I'm looking for a regular expression that matches the text between the keywords .if .else .elseif and .endif
Example:
.if CONDITION1
code1
.elseif CONDITION2
code2
.else
code3
.endif
Ideally, the regular expression would just match code1, code2 and code3, but it is ok if it matches the text after the keywords as well (CONDITION1, CONDITION2...).

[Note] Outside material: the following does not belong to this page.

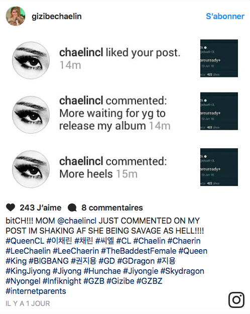 CL a répondu en personne avec son compte et a commenté sur la photo de sa fan ; elle a dit qu’elle attendait que YG sorte son nouvel nouvel album.
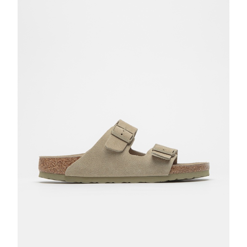 Birkenstock Arizona SFB Narrow Sandals in Faded Khaki. Narrow fitting with a soft suede footbed, this Birkenstock Arizona is designed with a suede leather upper. Featuring a double-buckle fastening with traverse arch support and a deep heel cup, this khaki Birkenstock sandal is finished with an EVA sole and printed branding.

I've tried the following regex:
(?:\.if|\.else)(.*?)(?:\.else|\.endif)
but it misses code2
The regular expression has to work as well when there is no .elseif and/or .else.
CodePudding user response:
Your issue is that you are effectively trying to capture an overlapping match from the if
to the elseif
clause. You can workaround that by making the final group in your regex a lookahead instead.
(?:\.if|\.else(?:if)?)(.*?)(?=\.else|\.endif)
Note in terms of avoiding capturing the conditions (or simplifying post-processing them out), you would need to change the first group of the regex to allow for an optional if
after the .else
. I've made that change above, but it's not strictly necessary to make the regex work as yours currently does.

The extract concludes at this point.